There was no significant difference between treatment groups at baseline (Table 2). For all patients (n = 1357) the mean baseline MADRS total score was 29.6 (s.d. = 4.5), the mean age was 41 (s.d. = 12) years and 61.5% of patients were women. Using a median split, patients with MADRS scores below 30 were classified as less severely depressed and those scoring 30 or higher were classified as more severely depressed. Among the subset with more severe depression, 335 patients were treated with escitalopram and 332 with placebo.
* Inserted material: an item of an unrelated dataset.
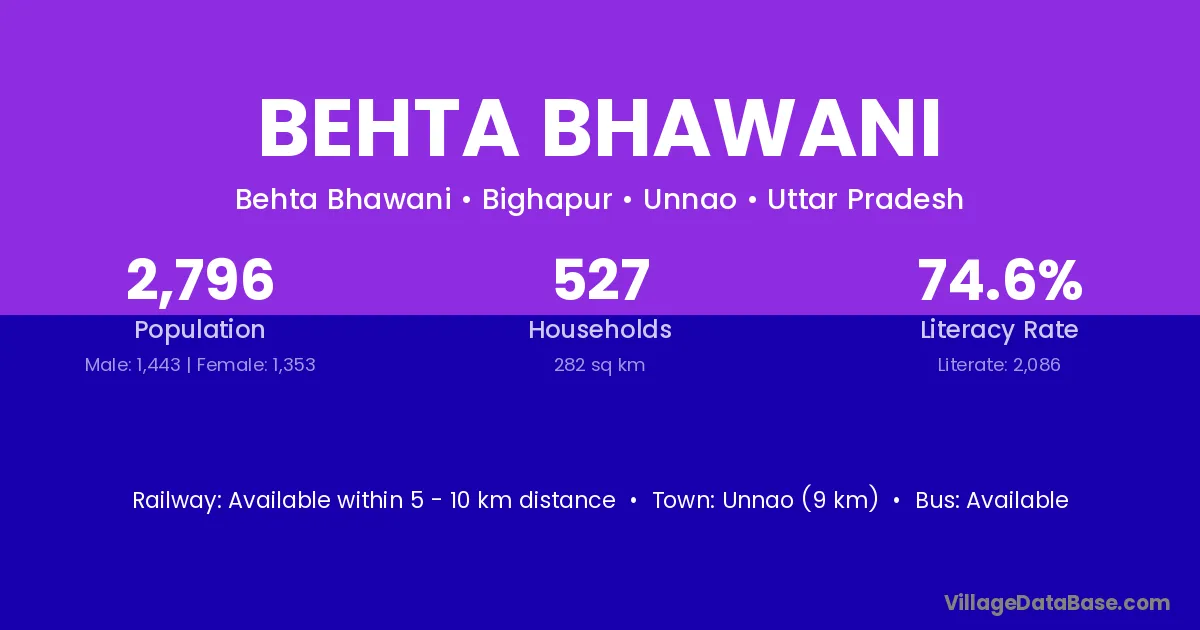 Unnao (9 km) is the nearest town to Behta Bhawani village for major economic activities and is located approximately 9 km away.

For all patients (n = 1357) the observed mean treatment difference (escitalopram v. placebo) from baseline after 8 weeks of treatment (LOCF) was 3.2 (s.d. = 9.5) MADRS points (Table 3), with observed response rates of 53.8% (escitalopram) and 36.9% (placebo), and remission rates (MADRS≤12) of 44.5% (escitalopram) and 32.2% (placebo) (Table 4). These values correspond to number-needed-to-treat (NNT) values of 6 for response and 8 for remission. For more severely depressed patients (MADRS≥30, n = 667) estimated MADRS means at last visit were 16.8 (s.d. = 10.5) for escitalopram treatment and 21.5 (s.d. = 10.9) for placebo, with an estimated mean treatment difference from baseline of 4.7 (s.d. = 10.7) (see Table 3). Response rates were 54.3% (escitalopram) and 33.4% (placebo), and remission rates (MADRS≤12) were 38.5% (escitalopram) and 25.3% (placebo) (Table 4). These values correspond to an NNT of 5 (100/20.9) for response and 8 (100/13.2) for remission. Corresponding values for the less severely depressed patients are also shown in Tables 3 and 4.
Mixture model v. ANCOVA
The distributions of MADRS total scores (LOCF) after 8 weeks of treatment with escitalopram or placebo are shown in Fig. 1. Inspection of the six graphs shows that the mixture model substantially improves the fit of the histograms compared with the ANCOVA, which assumes just one bell-shaped curve. Akaike’s information criterion strongly supported this in the entire population (a difference of 106.78 points in favour of the mixture model) as well as in both subgroups (differences of 74.03 points in severe depression and 48.98 points in moderate depression). Whereas the ANCOVA model explains about 6% of the variance, the mixing component of the mixture model accounts for about 60% (see Table 3). A bimodal distribution of outcomes is evident in five of the six panels, with the curve on the left capturing patients who benefited from treatment (‘responders’, characterised by low MADRS scores at week 8), whereas that on the right captures patients who did not benefit from treatment (‘non-responders’, characterised by high MADRS scores at week 8).
Distribution of MADRS scores at week 8
The distribution of MADRS total scores after 8 weeks of treatment is shown for all patients in Fig. 1(a,b). The treatment difference for those who benefited was 15.9 (95% CI 15.2–16.6) MADRS points (Table 3). The mean MADRS scores decreased from approximately 30 at baseline to approximately 10 at week 8 for patients benefiting from treatment (whether treated with placebo or escitalopram) and to approximately 25 at week 8 for patients who did not benefit from treatment. The proportion of patients who benefited from placebo was 39.2%, whereas 41.7% of patients did not benefit from treatment with escitalopram (see Table 3). The difference in proportions of patients who benefited from escitalopram v. placebo treatment (58.3%–39.2%) was 19.1% (95% CI 13.1–25.3; P<0.001). The mean treatment difference was therefore 3.0 MADRS points (19.2% of 15.9 points) and the NNT was 5 (100/19.2). Among those who did not benefit from treatment was a small group of patients whose scores increased. Specifically, depression worsened in 6.3% (n = 43) of patients given escitalopram and 10.3% (n = 70) of patients given placebo.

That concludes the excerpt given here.